Emerson jerked open the door of the car. His face was blank, tight, as though Miss Rachel’s reprimand and Jennifer’s idea of corrective measures had both gone over his head. He strode toward the station wagon, where Grubler, Pedro, and Bob Ryker stood in a group, hefting the shovels. Emerson walked close to Ryker, took hold of the lapels of his sport jacket, flung him around to face him.

  Ryker seemed taken by surprise. He had a shovel in one hand; in the other, the small hamper, which he hadn’t as yet put back into the car. At the expression on Emerson’s face, Ryker threw up the arm holding the hamper. Emerson gripped it, tore it out of Ryker’s hands, threw it aside. “I ought to beat you to death.” His fist was quick; it caught Ryker on the jaw, a sliding blow that reddened the skin and snapped Ryker’s head to one side.

  Ryker put up his guard, said through his arms, his voice muffled, “What the devil’s got into you?”

  “Reno.” The second blow tore through Ryker’s slipshod guard and snapped his head back, almost taking him off balance.

  “Wait … Ryker backed, his eyes bewildered, rubbing his jaw.

  He seemed so helpless … Of course, Miss Jennifer reminded herself, he was probably half pickled—one of Rachel’s phrases, again—and in a way deserved what he got. When you allowed Demon Rum—vodka, her thoughts corrected—well, alcohol, to ruin you, you couldn’t expect to do very well at self-defense. Miss Jennifer realized with surprise that she had been bobbing up and down in excitement. Mr. Ryker was going to be murdered, he’d been friendly in a rapscallion sort of way- “Rachel! Can’t you do something?”

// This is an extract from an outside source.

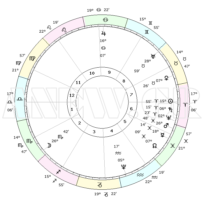 | | ΘΕΣΕΙΣ ΠΛΑΝΗΤΩΝ ΑΣΤΡΟΛΟΓΙΚΟΥ ΧΑΡΤΗ ΤΗΣ ΣΤΙΓΜΗΣ ΑΥΤΗΣ | | | | Πλανήτης | Ζώδιο | Μοίρες | Δεκαήμ. | Σε οίκο | Απόκλιση | | Ακμές των οίκων | | Ηλιος | Κριός | 15°48' | Δεύτερο | 8 | 06 N 13 | | 1ος | 12°33' | Παρθένος | | Σελήνη | Σκορπιός | 25°17' | Τρίτο | 3 | 23 S 58 | | 2ος | 07°40' | Ζυγός | | Ερμής | Ιχθείς | 18°06' | Δεύτερο | 7 | 06 S 28 | | 3ος | 07°17' | Σκορπιός | | Αφροδίτη | Ταύρος | 07°18' | Πρώτο | 9 | 13 N 42 | | 4ος | 10°13' | Τοξότης | | Αρης | Ιχθείς | 26°43' | Τρίτο | 7 | 02 S 15 | | 5ος | 13°41' | Αιγόκερως | | Δίας | Καρκίνος | 16°07' | Δεύτερο | 11 | 22 N 50 | | 6ος | 14°51' | Υδροχόος | | Κρόνος | Κριός | 06°14' | Πρώτο | 7 | 00 N 31 | | 7ος | 12°33' | Ιχθείς | | Ουρανός | Ταύρος | 28°58' | Τρίτο | 9 | 19 N 45 | | 8ος | 07°40' | Κριός | | Ποσειδώνας | Κριός | 02°23' | Πρώτο | 7 | 00 S 15 | | 9ος | 07°17' | Ταύρος | | Πλούτωνας | Υδροχόος | 05°17' | Πρώτο | 5 | 22 S 47 | | 10ος | 10°13' | Δίδυμοι | | Β. Δεσμός | Ιχθείς | 07°10' | Πρώτο | 6 | 08 S 53 | | 11ος | 13°41' | Καρκίνος | | Ωροσκόπος | Παρθένος | 12°33' | Δεύτερο | | | 12ος | 14°51' | Λέων | | Μεσουράνημα | Δίδυμοι | 10°13' | Δεύτερο | | | |

  Miss Rachel slipped from the car with a deft movement, ran for the fallen hamper. Mr. Grubler was already bending to reach for it when Miss Rachel snatched it up. Probably he had had the same idea as she had and wanted a chance to test it. Only of course—Miss Jennifer thought, in the midst of her anger and excitement—he might not have tested it by drinking so much.

  Ryker and Emerson were fighting at the fringe of the trees now. There was a lot of blood on Ryker’s face, great smears of it on Emerson’s driving fists. Miss Jennifer began to shriek. There was Mr. Ryker being beaten into a bloody pulp, being murdered under their eyes, while Rachel stood with a vodka bottle tilted to the sky, gurgling its contents, Zia sat calmly motionless, Mr. Grubler looked confused, and Gail went walking in the pine trees.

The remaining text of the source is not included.